Page MenuHomePhabricator

Alert on missing Prometheus metrics
Closed, ResolvedPublic

Description

Today with T325533 we started to miss out on metrics in Prometheus and I missed that since I was travelling and working on other things. Lets create a simple alert that checks that we have metrics in Prometheus and if we miss it, alert.

Event Timeline

Seea also T225739: Create Icinga check for navtiming.py service health, which added meta metrics to our Prometheus exporter in navtiming.py and SRE o11y also helped us with alerts at the time. These alerts did not fire, so I guess something went wrong there unless those metrics genuinely kept working while only some of them stopped?

Looking at the meta metrics, webperf_latest_handled_time_seconds, I see that indeed it has a multi-hour gap https://w.wiki/68Dc:

Screenshot 2022-12-19 at 17.06.46.png (1×2 px, 341 KB)

This plots the difference between 1) the timestamp we store during the regular running of navtiming.py (set to current clocktime on webperf server every time we process a message from Kafka), and 2) the clock time of the Prometheus server at the time it scraped that metric from navtiming.py. In other words, it measures the time we take in our python process to iterate and send the metrics (only a few milliseconds) plus the time between that and the next scrape. This is normally around 45-60 seconds since Prometheus in production scrapes slightly faster than once a minute typically.
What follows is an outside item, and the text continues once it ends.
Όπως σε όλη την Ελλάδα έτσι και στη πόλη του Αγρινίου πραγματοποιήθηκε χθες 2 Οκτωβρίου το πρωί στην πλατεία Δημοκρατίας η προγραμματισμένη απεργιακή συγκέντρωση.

The alert query for this is in https://gerrit.wikimedia.org/g/operations/alerts/+/refs/heads/master/team-perf/. I suspect that what's going on is, when the metric isn't reported, it yields null or yields the diff of the last minute as it was at the time. This would correctly detect when the service is working but backlogged due to slow processing or something, but would not detect any kind of actual downtime or collection problem as was the case here.
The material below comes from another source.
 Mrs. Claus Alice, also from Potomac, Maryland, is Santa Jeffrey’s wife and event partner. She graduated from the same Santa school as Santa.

See also: T323749: Add documentation for rollback/if something fails when deploying navtiming.py.

For now I added one alert query for CPU benchmark metrics (that also fired when it stopped to work yesterday) and lets look into the problem why the other alert didn't fire too.

I changed so if we are missing out on first Contentful paint, Grafana will alert. That should be enough for now.